Here is what I am thinking:
#include <iostream>
#include <iomanip>
int main ()
{
double x = 10-9.99;
std::cout << x << std::endl;
std::cout << std::setprecision (16);
std::cout << x;
return 0;
}
The above program prints 0.01 by evaluating x before setprecision () and a long number that is not exactly equal to 0.01, for x after setprecision ().cout has a default precision of 16 when printing floating point numbers in my machine. If precision is 16, the above value should be something like 0.0100000000000000 but it remains 0.01but when I setprecision () to 16, the program prints a long number containing 16 digits. So my question is, why cout doesn't prints all the digits according to types default precision. Why we need to force cout (by using setprecision ()) to print all the digits?
why cout doesn't prints all the digits according to types default precision.
If you use std::fixed as well as setprecision, it will display however-many digits the precision asks for, without rounding and truncating.
As for why the rounding accounts for the output...

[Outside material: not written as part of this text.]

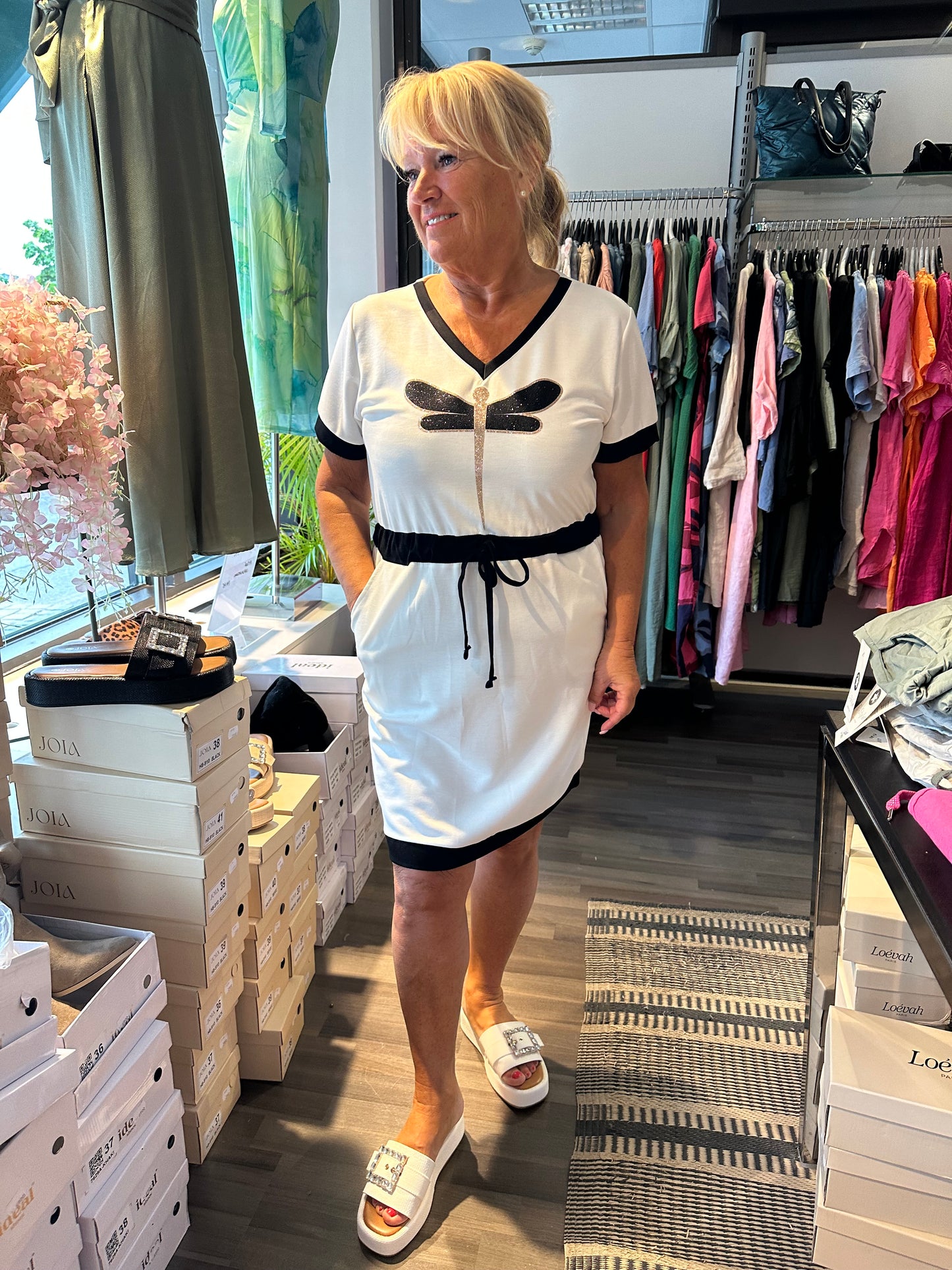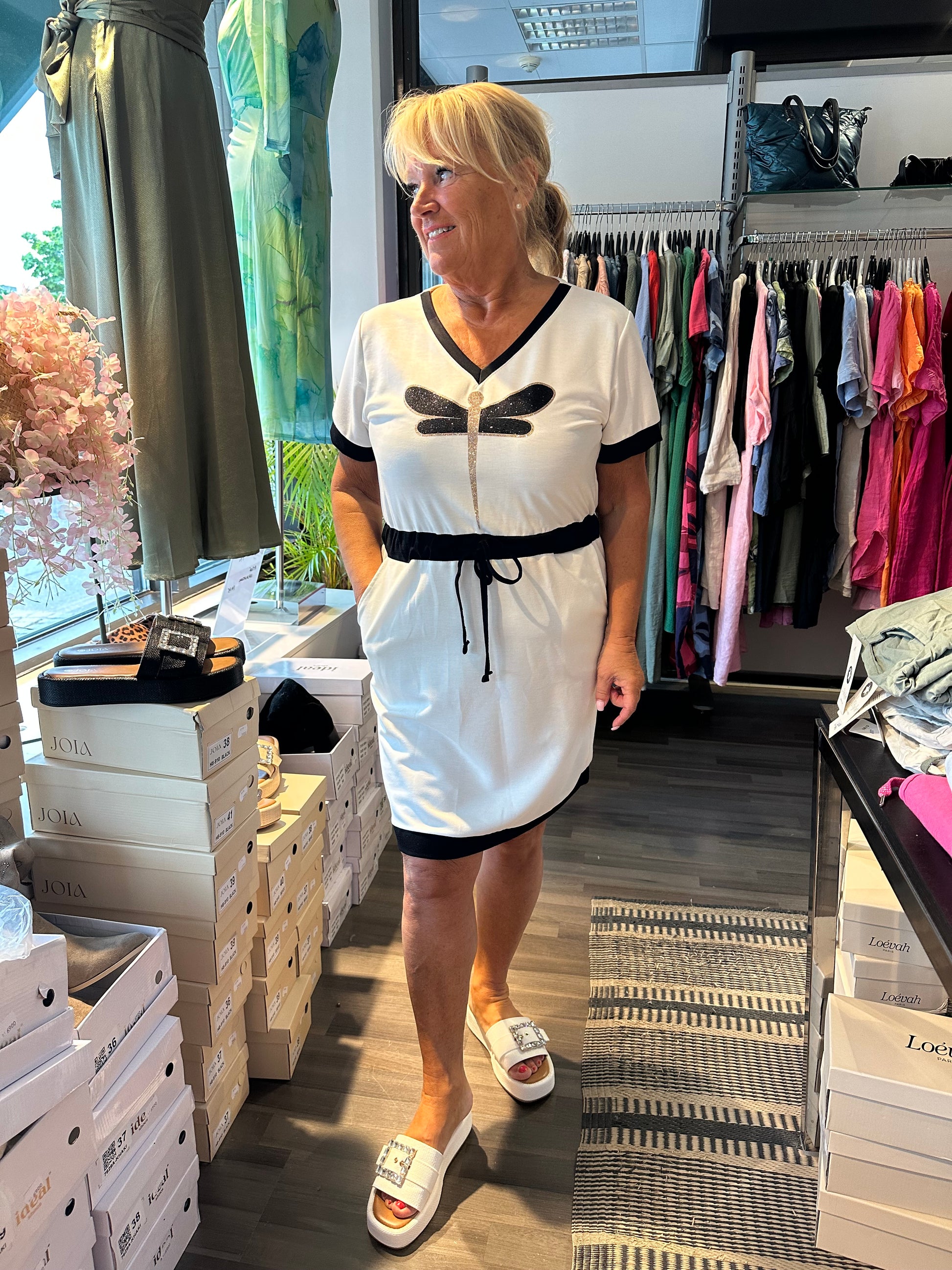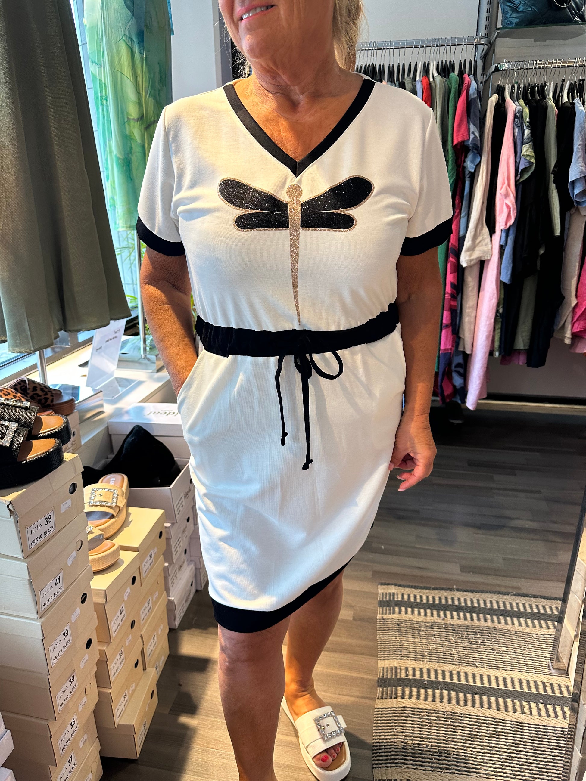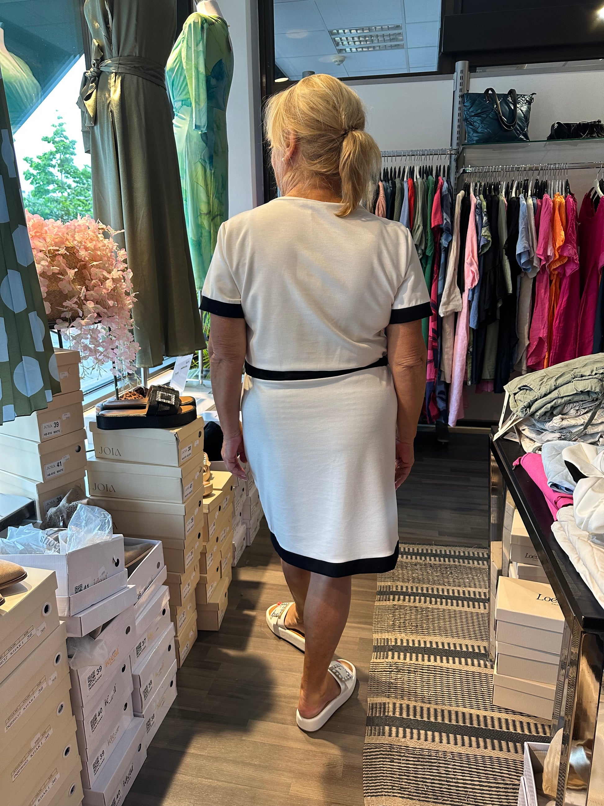 Kiva sporttisen oloinen trikoomekko. Joustava vyötärö nyörillä. Miellyttävän tuntuinen viskoosikangas.

Let's get your code to print a couple other things too:
#include <iostream>
#include <iomanip>
int main ()
{
double x = 10-9.99;
std::cout << x << '\n';
std::cout << std::setprecision (16);
std::cout << x << '\n';
std::cout << 0.01 << '\n';
std::cout << std::setprecision (18);
std::cout << x << '\n';
std::cout << 0.01 << '\n';
std::cout << x - 0.01 << '\n';
}
And the output (on one specific compiler/system):
0.01 // x default
0.009999999999999787 // x after setprecision(16)
0.01 // 0.01 after setprecision(16)
0.00999999999999978684 // x after setprecision(18)
0.0100000000000000002 // 0.01 after setprecision(18)
-2.13370987545147273e-16 // x - 0.01
If we look at how 0.01 is directly encoded at 18 digit precision...
0.0100000000000000002
123456789012345678 // counting digits
...we can see clearly why it could get truncated to "0.01" during output at any precision up to 17.
You can also see clearly that there's a different value in x to that created by directly coding 0.01 - that's allowed because it's the result of a calculation, and dependent on a double or CPU-register approximation of 9.99, either or both of which have caused the discrepancy. That error is enough to prevent the rounding to "0.01" at precision 16.
Unfortunately, this kind of thing is normal when handling doubles and floats.